(DATA EXTRACTS)

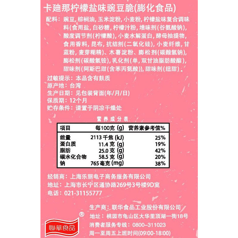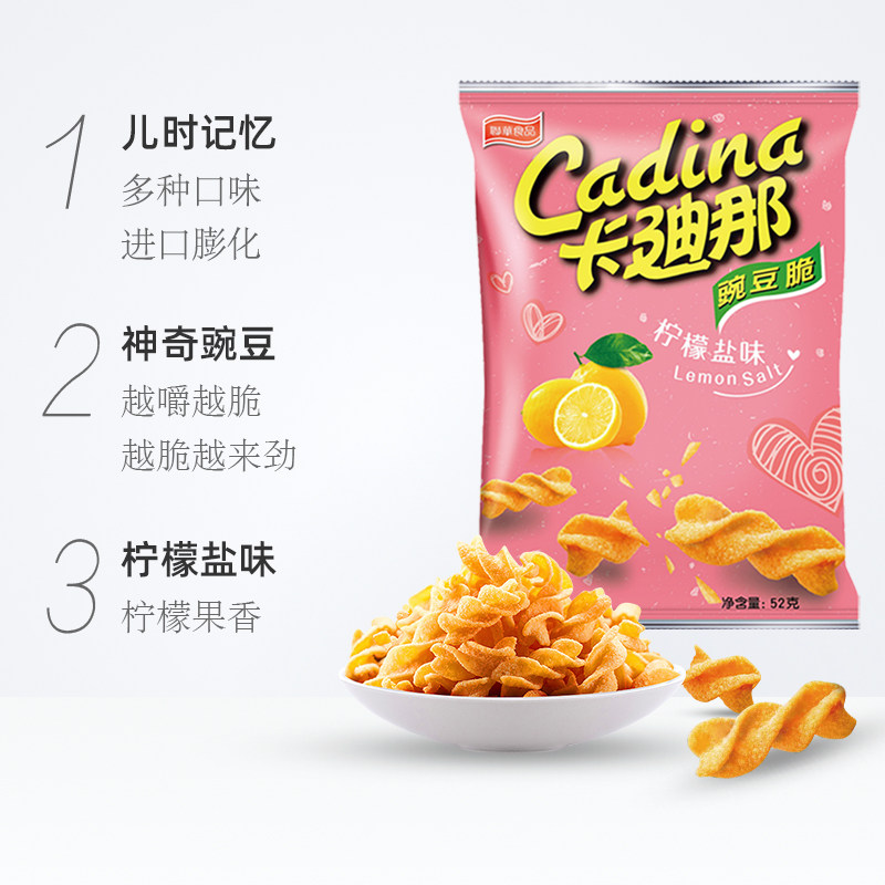 Cardina lemon salt pea crisp 52g*3 packs 8090 childhood nostalgic puffed snacks
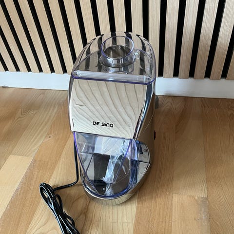 Slush Ice Maskine med farverigt design. Maskinen er egnet til fremstilling af slush ice og har en gennemsigtig beholder til indholdet. Den er udstyret med en elektrisk ledning til strømforsyning.
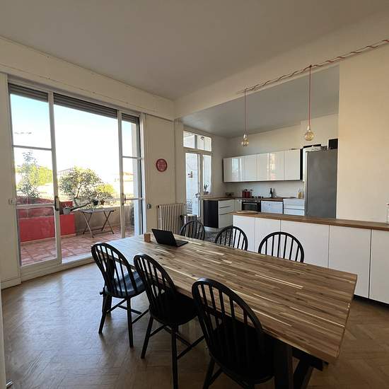 L'agence La Comtesse Immobilier vous propose à la location un magnifique et spacieux appartement meublé de type 4 situé au 26 Boulevard National, dans le quartier Longchamp / Saint-Charles / Cinq Avenues, 13001 Marseille. Disponible à partir du 1er janvier. Au troisième étage avec ascenseur, cet appartement de 135 m2 se trouve dans un immeuble bien entretenu. Il dispose d'une double exposition et offre un vrai calme côté cour. Il se compose d'un vaste séjour salle à manger, d'une cuisine semi-ouverte entièrement meublée et équipée, l'ensembl...
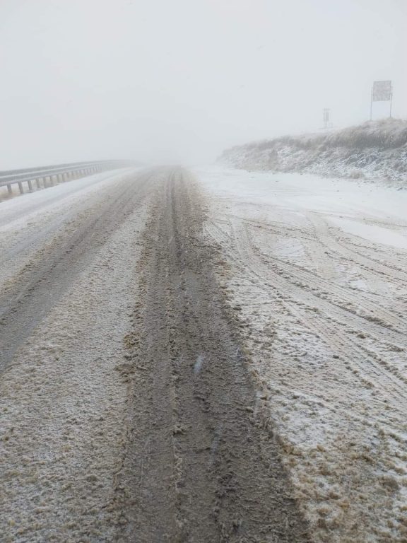 Temperatura scăzută a transformat precipitațiile în lapoviță și ninsoare care s-a depus pe partea carosabilă.
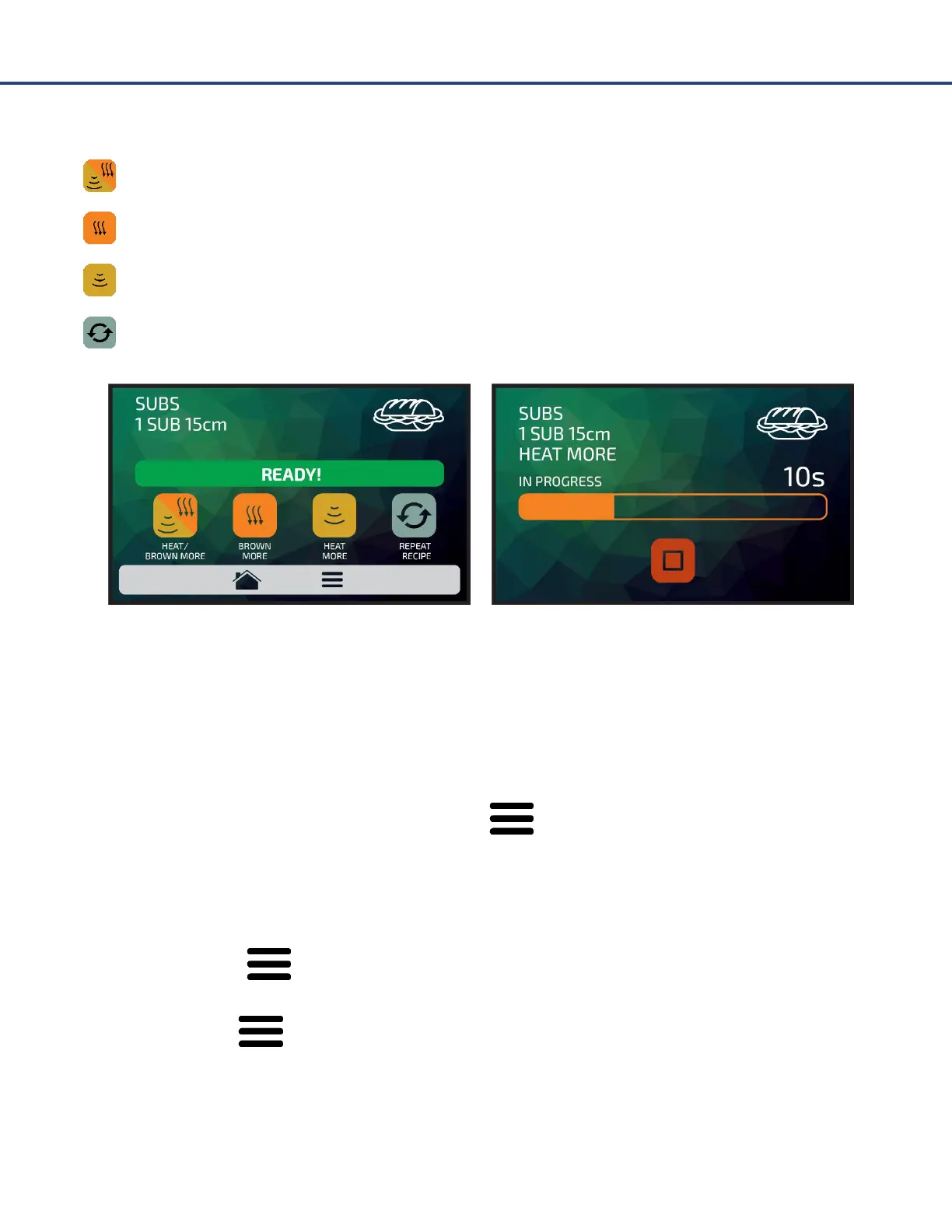 Example: If the icon was pressed from the Recipes screen, pushing it once more will return to
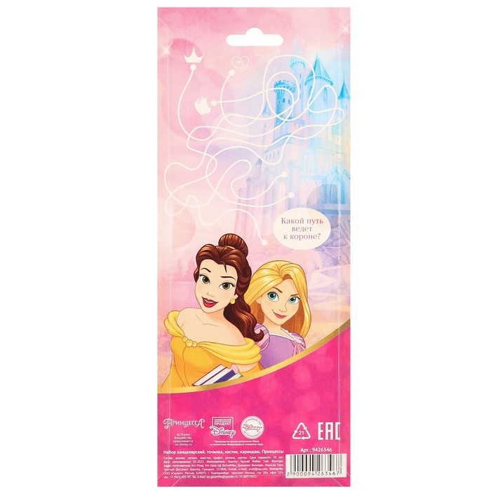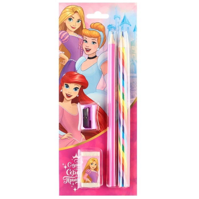 Набор канцелярский, точилка, ластик, карандаш, Принцессы цвет МИКС

(End DATA EXTRACTS)

# INSTRUCTIONS FOR THE TASK
Please reproduce the lines above from the one containing "Example: If the" through the final line, exactly and inclusively, leaving out each picture.

# EXERCISE OUTPUT
 Example: If the icon was pressed from the Recipes screen, pushing it once more will return to
 Набор канцелярский, точилка, ластик, карандаш, Принцессы цвет МИКС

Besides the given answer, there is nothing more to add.